WORK REQUEST.
The records below hold a stretch from the line with "食べごろの目安は好みにもより" through the line with "因賣(mài)冰紅茶多收錢(qián) 一福滿(mǎn)家便利店被罰64.8元"; return exactly those lines, ends included, and nothing more.

THE DATA.
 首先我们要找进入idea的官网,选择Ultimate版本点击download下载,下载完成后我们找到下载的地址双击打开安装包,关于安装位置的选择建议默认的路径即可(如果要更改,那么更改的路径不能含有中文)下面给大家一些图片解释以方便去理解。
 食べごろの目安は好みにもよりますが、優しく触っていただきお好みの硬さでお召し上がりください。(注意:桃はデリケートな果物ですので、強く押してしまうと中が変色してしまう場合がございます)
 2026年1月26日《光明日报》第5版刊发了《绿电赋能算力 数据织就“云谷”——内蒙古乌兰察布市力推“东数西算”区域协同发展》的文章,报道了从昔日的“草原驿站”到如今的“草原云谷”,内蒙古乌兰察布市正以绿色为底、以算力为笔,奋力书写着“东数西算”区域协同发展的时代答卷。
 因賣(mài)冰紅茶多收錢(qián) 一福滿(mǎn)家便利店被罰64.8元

* * *

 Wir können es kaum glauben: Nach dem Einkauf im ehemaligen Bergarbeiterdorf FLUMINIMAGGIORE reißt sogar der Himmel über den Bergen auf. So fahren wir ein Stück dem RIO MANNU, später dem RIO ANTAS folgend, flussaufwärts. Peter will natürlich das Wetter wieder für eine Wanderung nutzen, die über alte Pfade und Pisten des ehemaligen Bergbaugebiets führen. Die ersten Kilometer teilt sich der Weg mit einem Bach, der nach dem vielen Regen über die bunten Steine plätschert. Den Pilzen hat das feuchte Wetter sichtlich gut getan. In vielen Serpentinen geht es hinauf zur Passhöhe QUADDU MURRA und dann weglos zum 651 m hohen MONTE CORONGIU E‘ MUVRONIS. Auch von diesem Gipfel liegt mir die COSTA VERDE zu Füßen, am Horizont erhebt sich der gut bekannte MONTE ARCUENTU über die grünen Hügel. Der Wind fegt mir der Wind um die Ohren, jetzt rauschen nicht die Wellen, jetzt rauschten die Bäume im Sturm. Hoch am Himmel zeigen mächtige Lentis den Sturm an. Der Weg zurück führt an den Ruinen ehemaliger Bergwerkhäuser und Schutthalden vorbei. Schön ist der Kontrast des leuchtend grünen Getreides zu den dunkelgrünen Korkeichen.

...

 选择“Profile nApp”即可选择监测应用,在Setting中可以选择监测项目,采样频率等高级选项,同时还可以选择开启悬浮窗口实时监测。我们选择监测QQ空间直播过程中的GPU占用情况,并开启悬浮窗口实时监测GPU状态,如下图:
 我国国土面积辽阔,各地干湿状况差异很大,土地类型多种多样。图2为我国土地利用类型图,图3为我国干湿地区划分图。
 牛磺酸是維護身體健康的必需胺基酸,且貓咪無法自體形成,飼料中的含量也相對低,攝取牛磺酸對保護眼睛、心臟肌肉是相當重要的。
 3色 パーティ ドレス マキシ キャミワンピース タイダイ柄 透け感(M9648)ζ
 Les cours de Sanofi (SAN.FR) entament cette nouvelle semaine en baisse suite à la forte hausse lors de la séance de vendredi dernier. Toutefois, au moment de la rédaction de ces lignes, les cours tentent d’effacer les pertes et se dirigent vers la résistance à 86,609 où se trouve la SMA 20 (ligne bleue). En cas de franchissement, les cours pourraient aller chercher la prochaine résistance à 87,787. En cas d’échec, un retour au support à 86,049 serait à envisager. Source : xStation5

ANSWER.
 食べごろの目安は好みにもよりますが、優しく触っていただきお好みの硬さでお召し上がりください。(注意:桃はデリケートな果物ですので、強く押してしまうと中が変色してしまう場合がございます)
 2026年1月26日《光明日报》第5版刊发了《绿电赋能算力 数据织就“云谷”——内蒙古乌兰察布市力推“东数西算”区域协同发展》的文章,报道了从昔日的“草原驿站”到如今的“草原云谷”,内蒙古乌兰察布市正以绿色为底、以算力为笔,奋力书写着“东数西算”区域协同发展的时代答卷。
 因賣(mài)冰紅茶多收錢(qián) 一福滿(mǎn)家便利店被罰64.8元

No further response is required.